Forest service approves glade skiing plans

GOSHEN/ROCHESTER — A proposed backcountry skiing glade in the Green Mountain National Forest took a step forward early this month when it received approval from National Forest Service officials
The project, created out of a growing local interest in expanding and preserving backcountry skiing operations in Vermont, was introduced last November and is being spearheaded by partners including the National Forest, Vermont Backcountry Alliance, Catamount Trail Association and the association’s backcountry skiing pilot chapter, the Rochester Area Sports Trail Alliance.
The proposed glades in the Green Mountain National Forest are located to the south of Brandon Gap on National Forest Service lands in the towns of Rochester, Chittenden and Goshen at the confluence of Addison, Rutland and Windsor counties.
The plan calls for backcountry skiers to access the glades from two parking areas on Route 73 near the top of the Brandon gap. The Long Trail could be used to access all four of the glades, which run from the top of Goshen Mountain eastward to the Bear Brook drainage.
Development of the skiing routes, or “lines,” within the four areas would incorporate a braided design, with several lines intersecting within one zone. The number of routes per zone would differ depending on the size of the zone and vegetation. The area includes northern hardwoods such as beech, yellow birch and maple, while the upper elevations include spruce and fir forests.

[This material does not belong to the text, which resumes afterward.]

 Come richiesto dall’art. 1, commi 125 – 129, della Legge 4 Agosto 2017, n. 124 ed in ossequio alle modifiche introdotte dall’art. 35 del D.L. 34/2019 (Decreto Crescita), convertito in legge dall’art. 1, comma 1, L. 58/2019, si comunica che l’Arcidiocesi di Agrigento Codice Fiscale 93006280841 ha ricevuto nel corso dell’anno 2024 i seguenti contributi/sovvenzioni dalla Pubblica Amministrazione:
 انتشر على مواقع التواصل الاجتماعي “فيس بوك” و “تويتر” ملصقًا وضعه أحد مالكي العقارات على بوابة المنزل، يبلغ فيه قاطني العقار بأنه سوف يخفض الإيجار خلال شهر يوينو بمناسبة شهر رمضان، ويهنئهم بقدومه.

The four zones include beginner to advanced backcountry skier terrain, with drops of 700 vertical feet on some of the easier areas and 1,200 feet on the more advanced terrain.
Routes would be established where conditions are naturally open and glades would retain full canopy coverage. Where vegetation would be removed, emphasis would be placed on trees that are poorly formed, show signs of insect-infestation or disease, or inhibit restoration objectives in the area.

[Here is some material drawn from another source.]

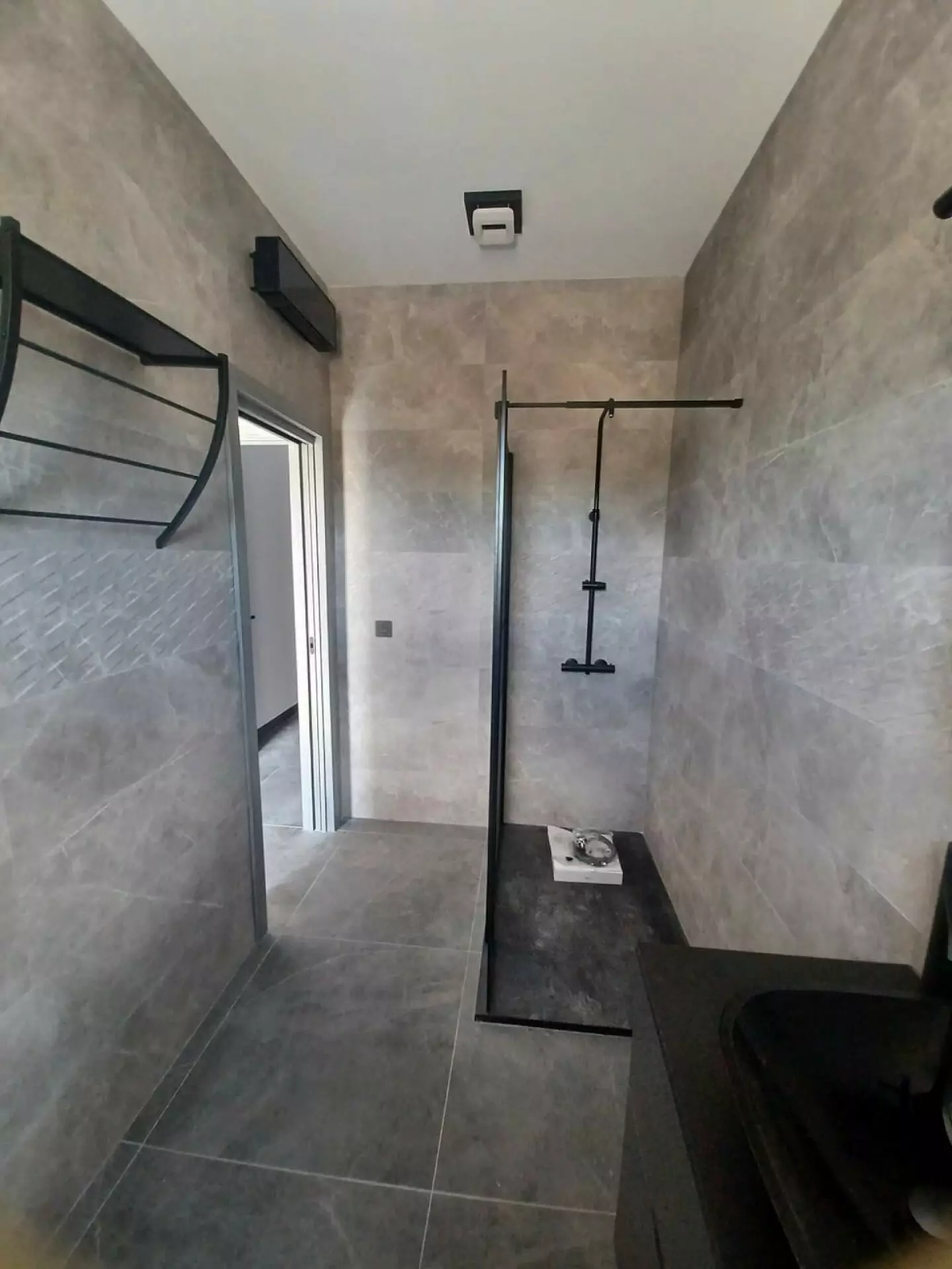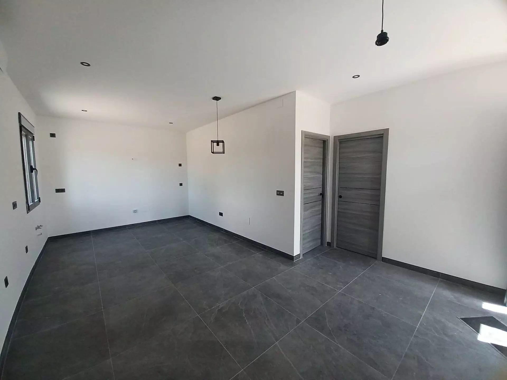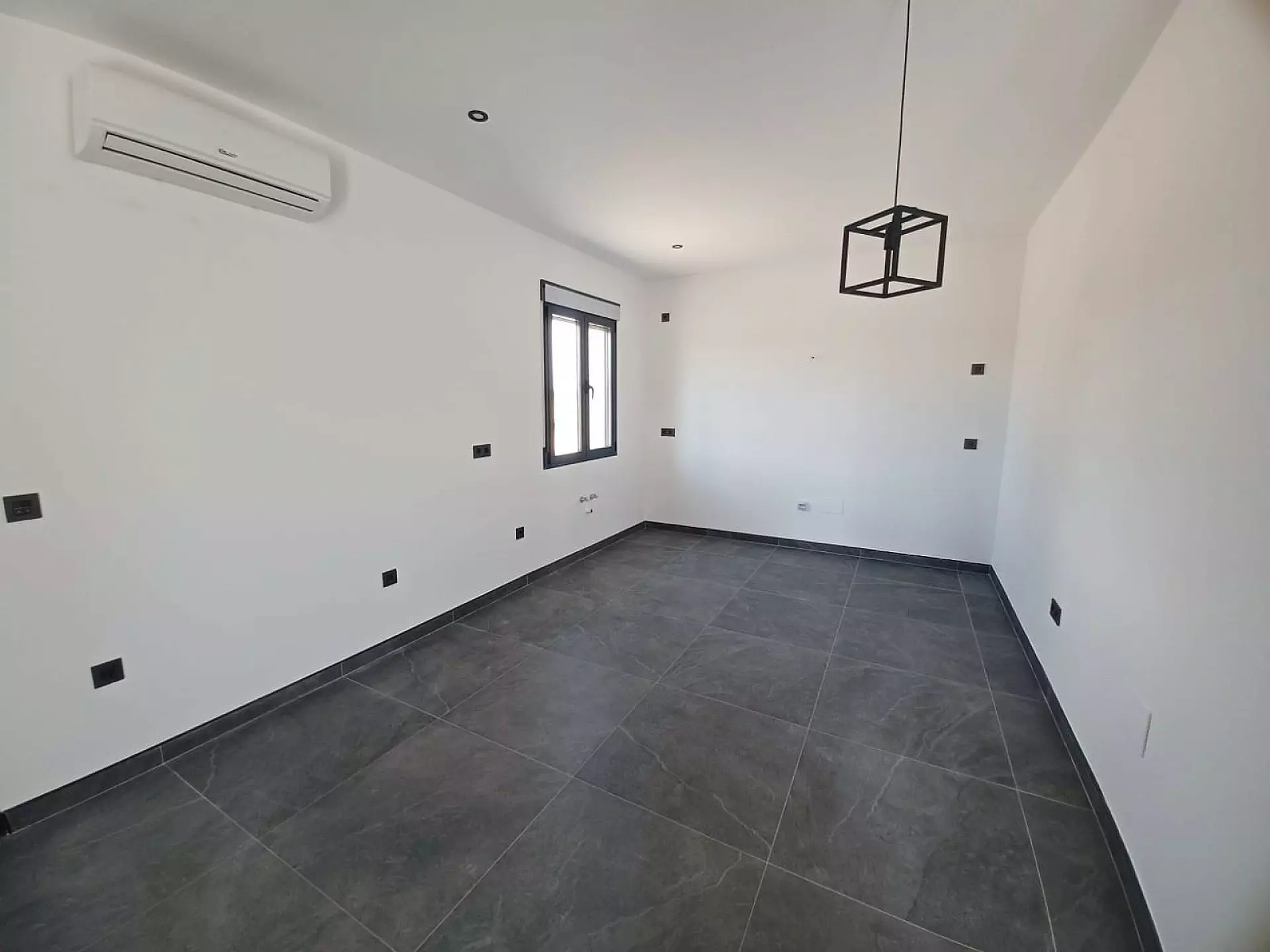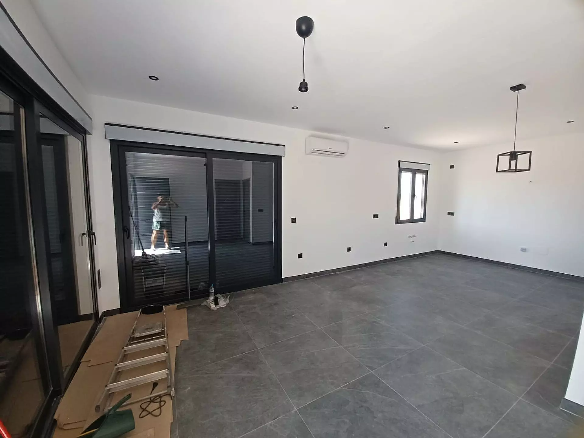 The development plan includes a house of 160 square meters in a modern style, designed to be on one level. The project also features a pool, a garage measuring 50 square meters, and a guest house of the same size, both of which are already built.

However, implementation of the project cannot begin yet, pending consultation with the U.S. Fish and Wildlife Service.
This past April, the Fish and Wildlife Service included the northern long-eared bat on the list of threatened species, a step below the endangered species list. The bat, which can be found in much of the United States, has suffered in recent years due to white nose syndrome, a fungal infection that has caused populations to decline by up to 99 percent in the Northeast, according to the U.S. Fish and Wildlife Service.
Since the backcountry ski trails plan calls for the selective cutting of trees larger than three inches in diameter and biologists were unable to conduct field surveys on bat populations during their summer roosting season, the Forest Service was unable to determine in their decision how the project could affect bat populations.
“The project may affect but is not likely to adversely affect northern long-eared bats,” reads the decision document from the Forest Service.
The project will now undergo additional review by the U.S. Fish and Wildlife Service, which will either concur with the Forest Service’s ruling or impose additional conditions on how the project is carried out.
Jay Strand, forest planner and environmental coordinator for the Green Mountain National Forest, said a timeframe for a decision remains unknown.
“It depends on how much staff they have dedicated to the projects that are coming across their radar screen at any given moment,” he said. “It could be a matter of weeks or it could be a matter of months, we really do not know.”
While skiing, like other outdoor activities, is deemed a “permitted use” of state and national forests, the cutting or pruning of trees to enhance terrain is not.
In the meantime, Holly Knox, district recreation program manager in the Rochester and Middlebury ranger districts in the Green Mountain National Forest, encouraged hopeful backcountry enthusiasts to be patient.
“We’re reminding people to leave their loppers at home until we’re ready,” she said.